__Materials provided__:
======

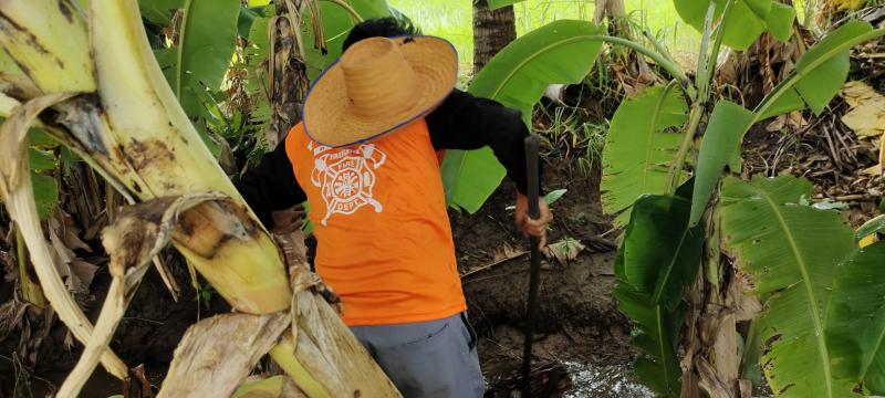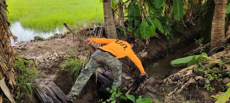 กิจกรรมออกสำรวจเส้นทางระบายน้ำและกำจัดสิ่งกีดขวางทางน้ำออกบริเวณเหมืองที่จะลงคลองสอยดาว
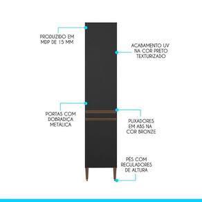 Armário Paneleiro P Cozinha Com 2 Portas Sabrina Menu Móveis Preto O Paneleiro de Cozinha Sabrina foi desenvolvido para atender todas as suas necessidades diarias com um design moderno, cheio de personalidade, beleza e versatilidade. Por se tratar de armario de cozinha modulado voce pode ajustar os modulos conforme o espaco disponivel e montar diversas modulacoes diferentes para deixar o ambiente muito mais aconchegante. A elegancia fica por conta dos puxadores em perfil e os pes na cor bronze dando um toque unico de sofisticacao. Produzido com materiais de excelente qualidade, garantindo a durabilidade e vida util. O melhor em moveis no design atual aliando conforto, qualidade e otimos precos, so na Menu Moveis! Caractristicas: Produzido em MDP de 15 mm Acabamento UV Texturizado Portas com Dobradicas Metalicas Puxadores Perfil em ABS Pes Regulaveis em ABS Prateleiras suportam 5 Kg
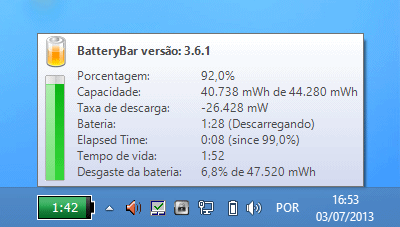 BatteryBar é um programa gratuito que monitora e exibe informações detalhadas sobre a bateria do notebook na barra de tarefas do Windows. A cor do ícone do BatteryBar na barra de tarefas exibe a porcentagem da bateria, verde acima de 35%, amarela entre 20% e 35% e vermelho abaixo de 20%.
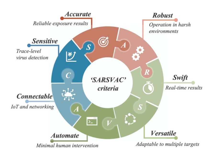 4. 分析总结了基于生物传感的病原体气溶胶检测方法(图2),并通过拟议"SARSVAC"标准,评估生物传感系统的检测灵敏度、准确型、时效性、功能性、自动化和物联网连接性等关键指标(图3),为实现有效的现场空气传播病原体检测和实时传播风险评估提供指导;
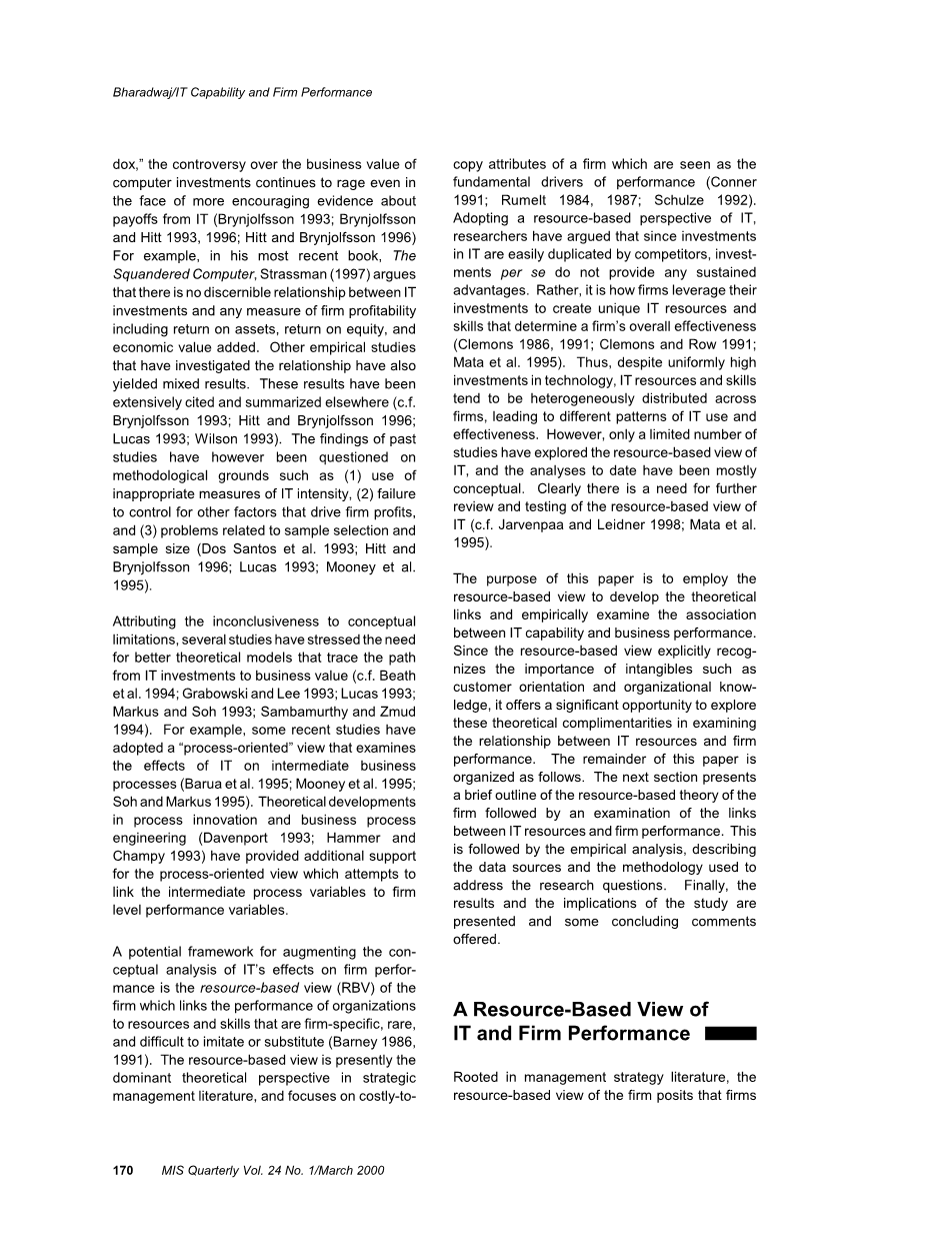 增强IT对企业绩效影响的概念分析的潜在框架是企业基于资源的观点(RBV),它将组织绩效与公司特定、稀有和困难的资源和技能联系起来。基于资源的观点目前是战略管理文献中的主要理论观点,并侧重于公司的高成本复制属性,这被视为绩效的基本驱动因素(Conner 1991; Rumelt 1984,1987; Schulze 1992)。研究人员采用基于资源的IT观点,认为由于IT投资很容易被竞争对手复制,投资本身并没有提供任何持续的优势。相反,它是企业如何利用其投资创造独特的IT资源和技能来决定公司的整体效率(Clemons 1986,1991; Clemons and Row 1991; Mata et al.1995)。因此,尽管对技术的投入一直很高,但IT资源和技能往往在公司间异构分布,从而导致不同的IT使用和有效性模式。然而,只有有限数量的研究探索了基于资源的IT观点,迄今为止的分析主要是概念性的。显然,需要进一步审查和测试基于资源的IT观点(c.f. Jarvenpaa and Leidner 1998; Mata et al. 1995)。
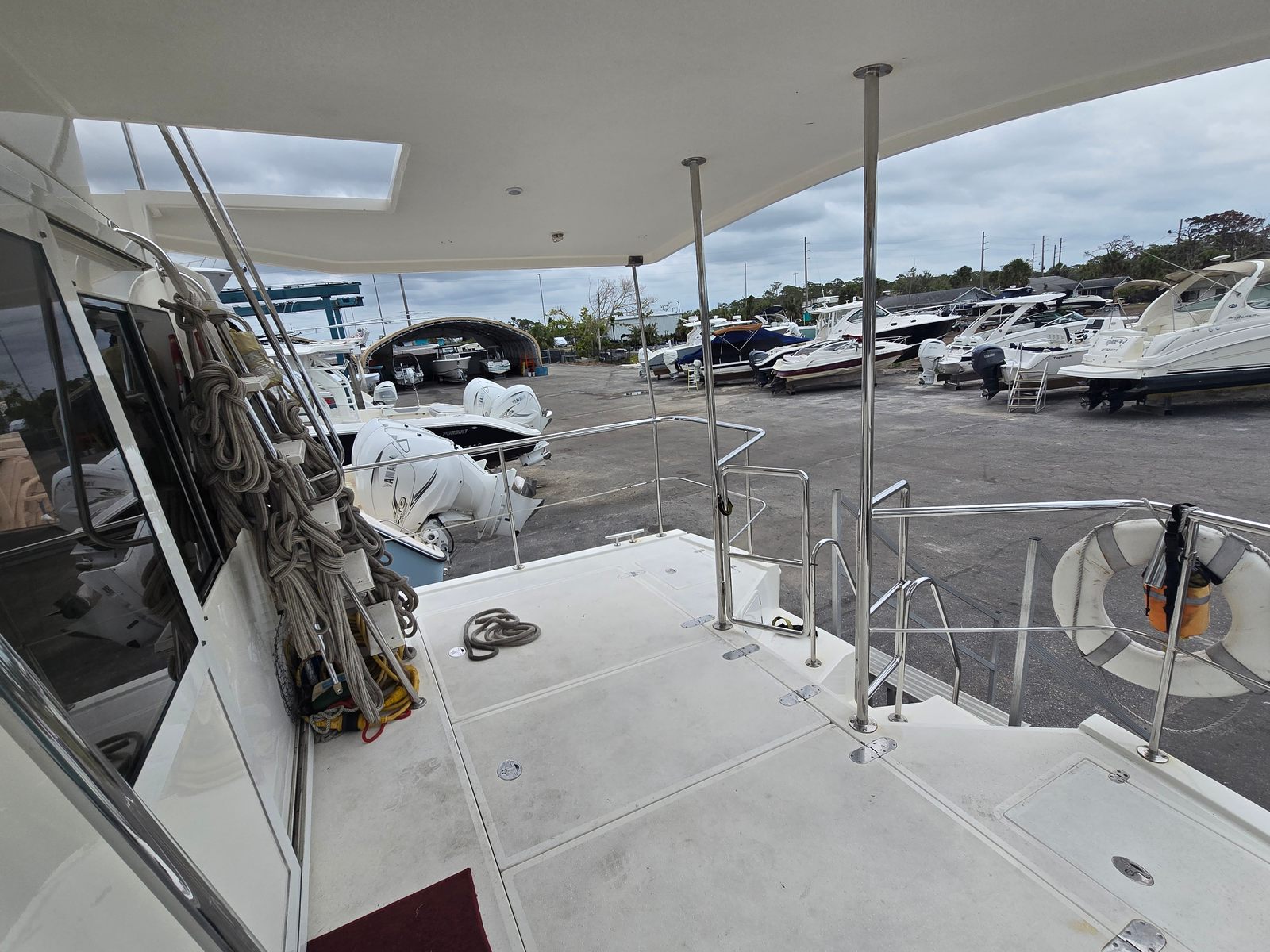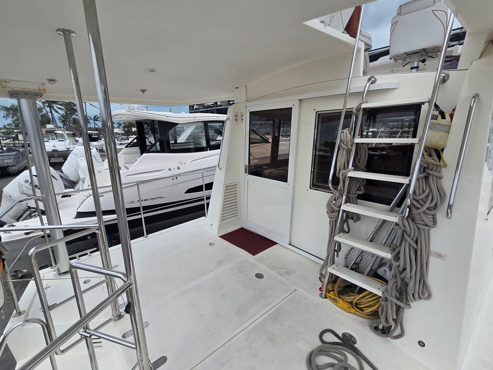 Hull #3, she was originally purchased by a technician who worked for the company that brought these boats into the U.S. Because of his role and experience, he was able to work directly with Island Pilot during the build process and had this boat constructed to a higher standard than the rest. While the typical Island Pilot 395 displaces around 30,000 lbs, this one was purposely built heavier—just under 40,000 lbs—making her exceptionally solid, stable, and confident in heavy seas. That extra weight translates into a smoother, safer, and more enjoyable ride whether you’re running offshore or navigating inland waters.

======

__Problem description__:
Copy word for word every line from the start of the material through the line holding "Armário Paneleiro P". The pictures are not part of the copy.

__Task output__:
 กิจกรรมออกสำรวจเส้นทางระบายน้ำและกำจัดสิ่งกีดขวางทางน้ำออกบริเวณเหมืองที่จะลงคลองสอยดาว
 Armário Paneleiro P Cozinha Com 2 Portas Sabrina Menu Móveis Preto O Paneleiro de Cozinha Sabrina foi desenvolvido para atender todas as suas necessidades diarias com um design moderno, cheio de personalidade, beleza e versatilidade. Por se tratar de armario de cozinha modulado voce pode ajustar os modulos conforme o espaco disponivel e montar diversas modulacoes diferentes para deixar o ambiente muito mais aconchegante. A elegancia fica por conta dos puxadores em perfil e os pes na cor bronze dando um toque unico de sofisticacao. Produzido com materiais de excelente qualidade, garantindo a durabilidade e vida util. O melhor em moveis no design atual aliando conforto, qualidade e otimos precos, so na Menu Moveis! Caractristicas: Produzido em MDP de 15 mm Acabamento UV Texturizado Portas com Dobradicas Metalicas Puxadores Perfil em ABS Pes Regulaveis em ABS Prateleiras suportam 5 Kg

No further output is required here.